Configure the primary index

Aerospike’s primary indexes can be stored in three different ways in Enterprise Edition(EE) Standard Edition(SE): shared memory (shmem) by default, persistent memory (PMem), and flash (on NVMe SSDs). Separate namespaces within the same cluster can use different index storage methods.

Note

Aerospike’s primary index is stored in volatile process memory in the Community Edition (CE).

The index-type configuration parameter

To specify an index storage method, use the namespace context configuration item index-type.

• The default value is shmem, with the index stored in shared memory.
• To specify a persistent memory index, use index-type pmem.
• To specify an index in flash, use index-type flash.
• Aerospike CE doesn’t support the index-type configuration.

Cautions for systemd

In a systemd environment you might need to increase TimeoutSec from the default of 15s. This setting is in /usr/lib/systemd/system/aerospike.service. This prevents systemd from killing the asd process prematurely while the service is shutting down. The primary index clean-up process during shutdown might take longer than the default 15s. In Aerospike, this default value has been increased to 10 minutes as of version 4.6.0.2.

Persistent memory index

Aerospike’s Persistent memory (PMem) index feature stores primary indexes in Intel Optane persistent memory (PMem) instead of the default shared memory segments.

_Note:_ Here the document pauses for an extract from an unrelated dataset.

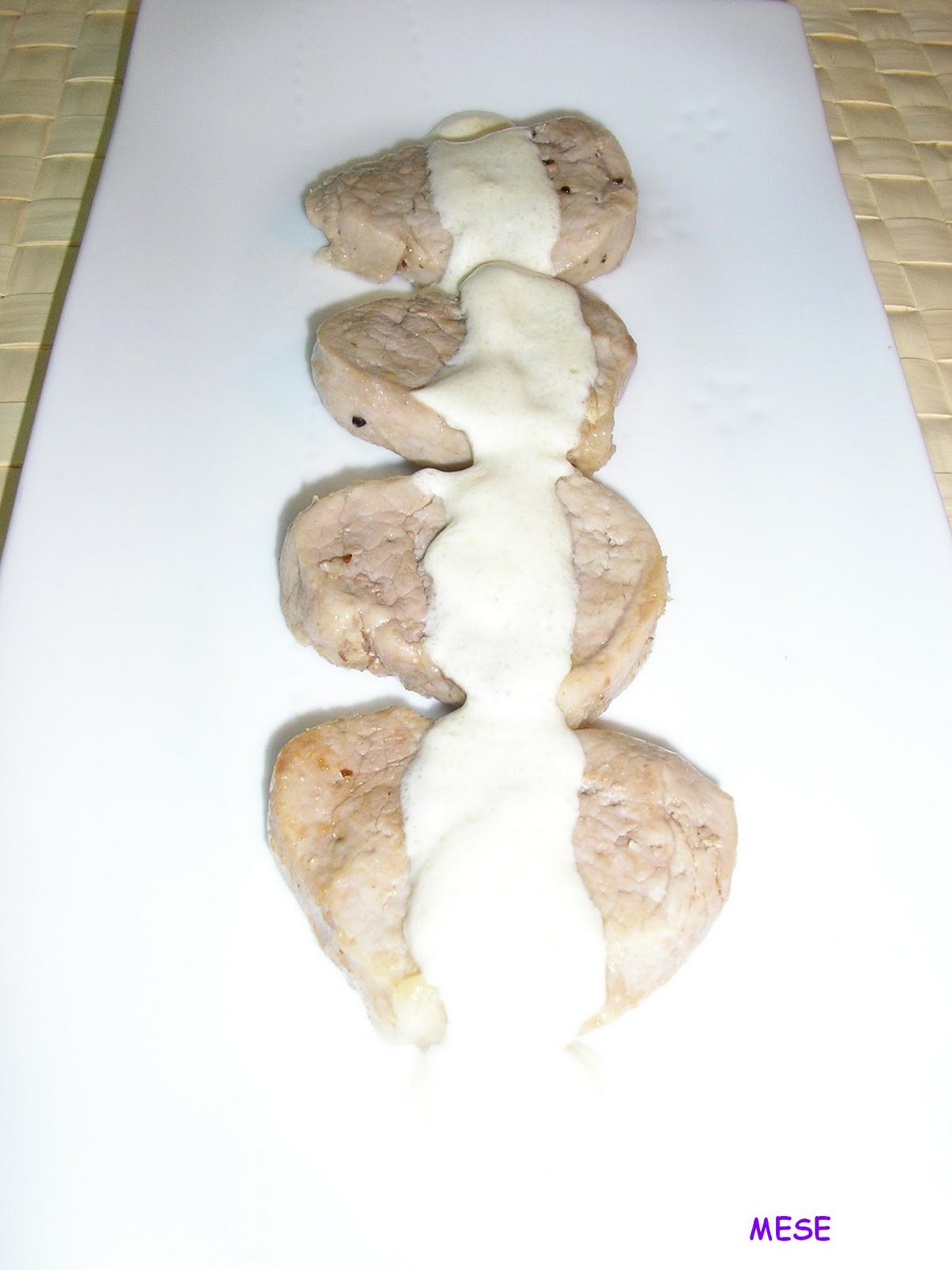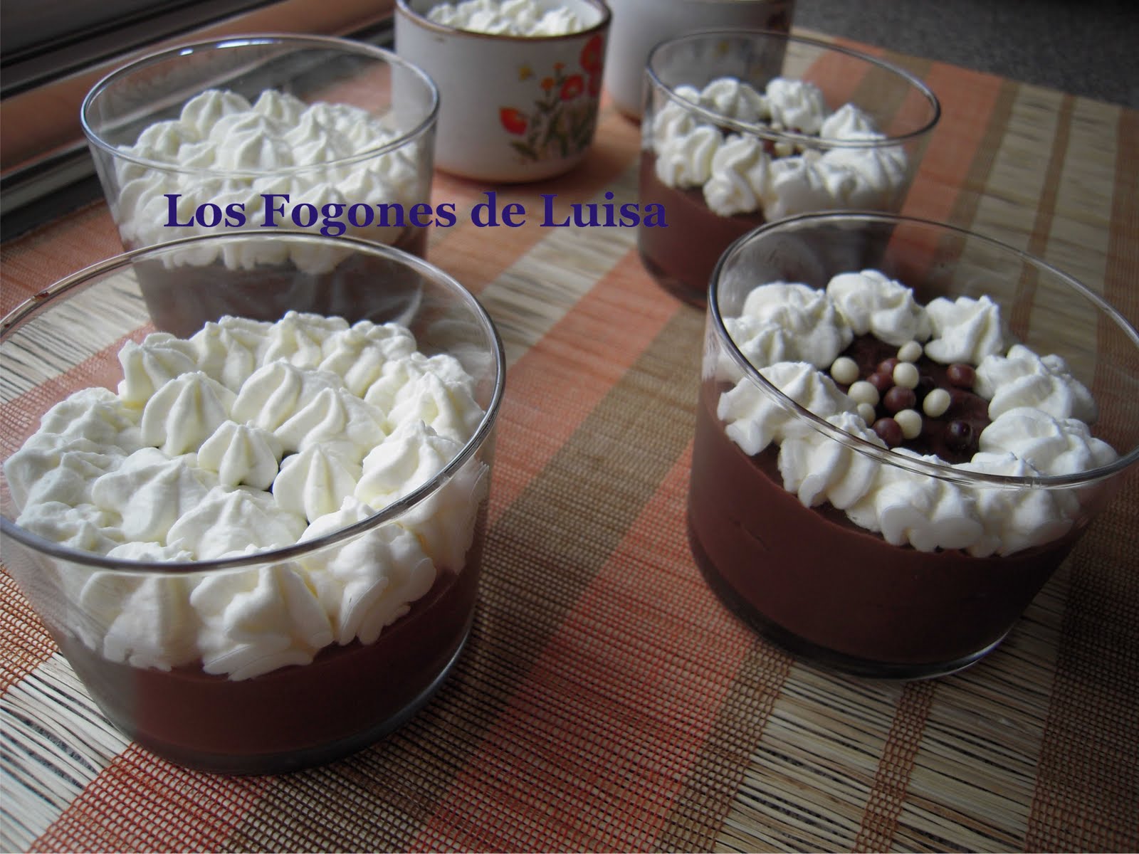 Mezclar las arvejas, los champignons, los granos de choclo, los cubos de pimiento y aceitunas en cuatro o seis copas o compoteras, echar por encima la salsa y servir.

Aerospike requires the persistent memory to be accessible using fsdax, that is, using block devices such as /dev/pmem0:

• The NVDIMM regions must be configured as AppDirect regions, as in the following example from a machine with a 750-GiB AppDirect region:

sudo ipmctl show -region
SocketID             ISetID    PersistentMemoryType  Capacity FreeCapacity HealthState
0 0x59727f4821b32ccc               AppDirect        750.0 GiB      0.0 GiB     Healthy

• The NVDIMM regions must be turned into fsdax namespaces, as in the following example from the same machine:

sudo ndctl list
[
  {
    "dev":"namespace0.0",
    "mode":"fsdax",
    "blockdev":"pmem0",
    ...
  }
]

Filesystem configuration

The PMem block device must contain a filesystem that is capable of DAX (Direct Access), such as XFS or EXT4. On the machine in the above example, this could be accomplished in the usual way:

XFS filesystem:

sudo mkfs.xfs -f -d su=2m,sw=1 /dev/pmem0

EXT4 filesystem:

sudo mkfs.ext4 /dev/pmem0

Finally, the file system must be mounted with the dax mount option. The dax mount option is important. Without this option, the Linux page cache is involved in all I/O to and from persistent memory, which would drastically reduce performance.

In the following example, we use /mnt/pmem0 as the mount point.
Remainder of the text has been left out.